FIG. 2 describes in detail the method used by difference crawler 114, and the integrated difference engine, in a preferred embodiment. It is important to note that, while the method is presented as a sequential process, it will typically be implemented as an I/O (Input/Output) event driven process, using asynchronous I/O, because it is desirable to keep many HTTP connections open simultaneously to maximize document retrieval efficiency.
In step 200, difference crawler 114 requests from URL server 116 the next URL to retrieve, and retrieves the associated document. If a version of this document, associated with the same URL, was already stored in document archive 122 (test 202), the newly retrieved document is compared with the archived version (step 204). If the newly retrieved document is the same as the archived version (test 206), there is no more processing to be done for this URL and the method loops back to step 200 to process another URL after informing the URL server that the document pointed to by URL has not changed significantly (step 207).

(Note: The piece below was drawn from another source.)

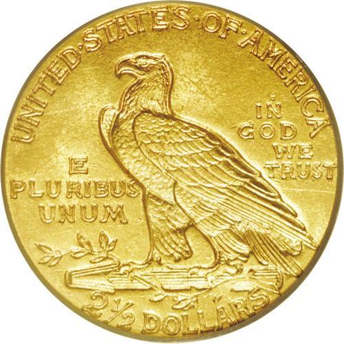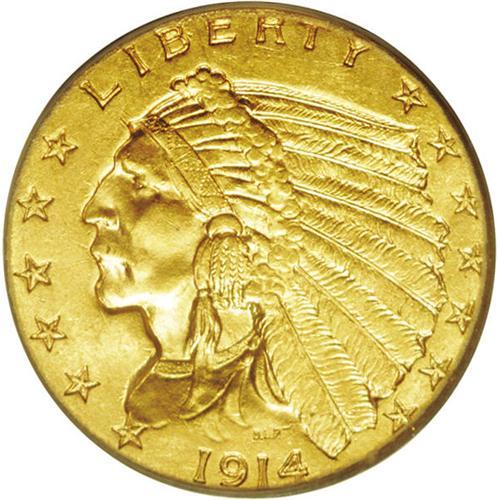 <B>1914<$2 1/2> MS64 PCGS.</B></I> Highly lustrous yellow surfaces with soft, frosty texture. A pleasing example with excellent eye appeal. This is a scarce, lower mintage date that is a condition rarity in finer grades. PCGS has only certified 46 finer quality examples. Faint hairlines and minor abrasions undoubtedly serve to limit the grade of this Choice Mint State coin.
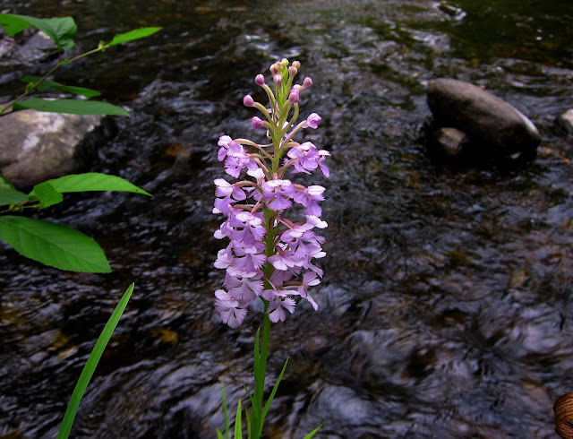 Well, I thought, if Goodyera are blooming, I'll bet the Purple Fringed Orchids (Platanthera psycodes) are blooming, too. So I next headed north to Lake Luzerne, where I know of an island where these spectacular orchids will sometimes grow thick as dandelions. Last summer I found 20 perfect blooms on a patch of grass about the size of an average living-room rug. Today I found five. There may be more not yet in bud still hiding in the grass, but not that I could find. Of the five I found today, this one was the most fully in bloom and looking truly exquisite silhouetted against the dark water of the rushing stream.

If no document associated with the URL is present in document archive 122 (test 202), then the newly retrieved document is stored in document archive 122 (step 218). In step 220, the document is parsed and a word index IDX is generated, as well as a list LU of URLs pointing to other documents. In the same step 220, the list LU of forward pointing URLs is sent to the URL server, in order to be considered for future crawling. Step 222 attempts to reduce the number of queries to run against the newly retrieved document, by creating a query which is a logical “or” of all the words contained in the newly retrieved document, and checking this query against the query index. The result is a list of queries LQ which may match the newly retrieved document. In step 224, which is detailed further in FIG. 3, LQ is used as well as IDX to determine the incremental matches for this newly retrieved document, i.e. the queries matching the retrieved document. After the incremental matches have been determined in step 224, difference crawler 114 loops back to step 200 to process another URL.
If there already was a document associated with the URL present in document archive 122 (test 202), and if the newly retrieved document is not the same as the archived version (test 206), then further checking is required as the document has been modified since last visited by difference crawler 114, and may match some queries.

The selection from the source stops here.